Feb 9, 1985

UNITED NATIONS: MIXED RECEPTION FOR REAGAN’S CALL FOR NEW TRADE TALKS.

NEW YORK, FEBRUARY (IPS/CLAUDE ROBINSON) – U.S. President Ronald Reagan’s call Wednesday for a new round of trade negotiations next year received a cool reception Thursday from UN diplomats and officials here.

Some of diplomats and UN officials were sceptical about its value to the Third World.

Egypt’s Ambassador and chairman of the Third World "Group of 77", Ahmed Tawfik Khalil, told IPS the proposal could be positive "if it denoted a new attention by the U.S. President to trade an development" issues.

And India’s deputy chief delegate, Ambassador P. M. Malik, said a new round could be "redundant" unless there was also a commitment to implement several aspects of the two previous negotiations that have still not been implemented.

The proposal was also discussed briefly at a meeting of the G-77, but the meeting decided to defer detailed consideration until after Ambassadors had been able to consult their governments.

In his fourth "state of the union" message to a joint meeting of the U.S. House and Senate Wednesday night, Reagan asked the United States’ trading partners, "developing and developed alike, to join U.S. in a new round of trade negotiations to expand trade and competition and strengthen the global economy".

Reagan said there was need for "a stronger and simpler approach to the process of making trade policy".

Reagan’s call came amid growing concern about the rising tide of protectionism in the United States as several traditional industries such as steel and auto, face stiff competition from both Third World and developing countries.
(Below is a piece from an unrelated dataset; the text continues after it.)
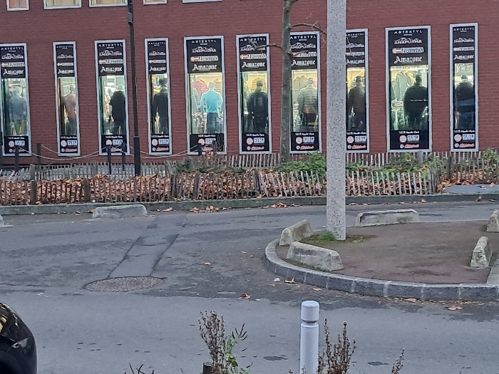 A brick building features numerous narrow windows, each displaying mannequins dressed in contemporary clothing. Branding above each window reads "ARTEXTYL" and "Amazone." A low, wooden fence separates the building from a gray paved area. A small roundabout with concrete edging and a few young trees sits in the foreground. The overall scene is urban and somewhat autumnal, with fallen leaves scattered around.
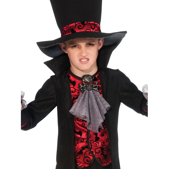 Kostým zaujme propracovanými detaily v černo-červeném provedení, výrazným límcem a impozantním vysokým kloboukem. Elegantní kombinace saka s všitou vestou a ozdobným jabotem dodává kostýmu aristokratický vzhled skutečného pána noci.

Against the background, one official noted that Reagan’s statement was as much "tactical domestically" as an appeal for new international arrangements.

Some observers also suggested that the United States is principally concerned with settling differences with the European Economic Community and Japan, and that the Third World could be "marginalised" in such a process, as one European diplomat put it.
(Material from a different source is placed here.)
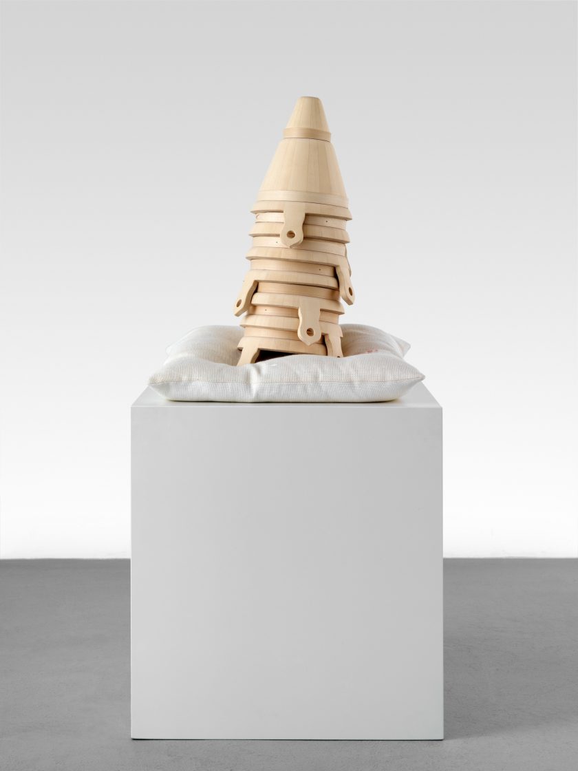 This piece forms part of the alpine 2 exhibition, where Sachs reflects on alpine history, culture, and craftsmanship. This new series of works was shown alongside some iconic pieces at the Vieux Chalet in Gstaad (Switzerland) in collaboration with Hauser & Wirth. The exhibition featured sculptures, portraiture and a large-scale site-specific installation on the exterior.

One Third World concern is the so-called "safeguards code", which came out of the "Tokyo Round" of trade negotiations in the 1970’s which permitted certain exceptions to free access and which the United States has used to build protectionist barriers, a G-77 official said.

The Third World group has long been arguing for the lowering of these barriers.

Jean Ripert, the UN Director General for Development and International Economic Cooperation, said that trade protectionism was one of the "major dangers" that might impede a solution to the debt crisis.

"If countries cannot export, they cannot pay back the debt or avoid contracting new debts", he said in an interview.

Latin American countries owe about half of the estimated 800 billion dollars that the Third World has borrowed from U.S. and other western commercial banks, governments and international lenders.

Some of the biggest borrowers, like Brazil, have been hardest hit by U.S. trade barriers.

The Reagan proposal was seen here in the context of the 1982 U.S. proposal at a Ministerial meeting of the General Agreement on Tariffs and Trade which urged that "trade in services" be brought under the GATT umbrella.

The United States has a decided advantage in this area which includes advanced technology, communication, consultancy, transborder data flows, information, banking, and insurance.

Some European countries, like France, and the Third World were lukewarm then and have not publicly changed their positions.

Consequently, some observers wondered whether Wednesday’s announcement was a continuation of that effort.

Several diplomats interviewed said they expected the U.S. position to become clearer after the April meeting of the "Development Committee" of the World Bank and the International Monetary Fund and the summit of the leaders of the seven major western industrial countries in Bonn in May.

At both meetings, Washington is expected to push for inclusion of "services" under the GATT umbrella, perhaps in return for relaxation of protectionism and an easing of tight monetary policy as the United States’ European partners have been demanding.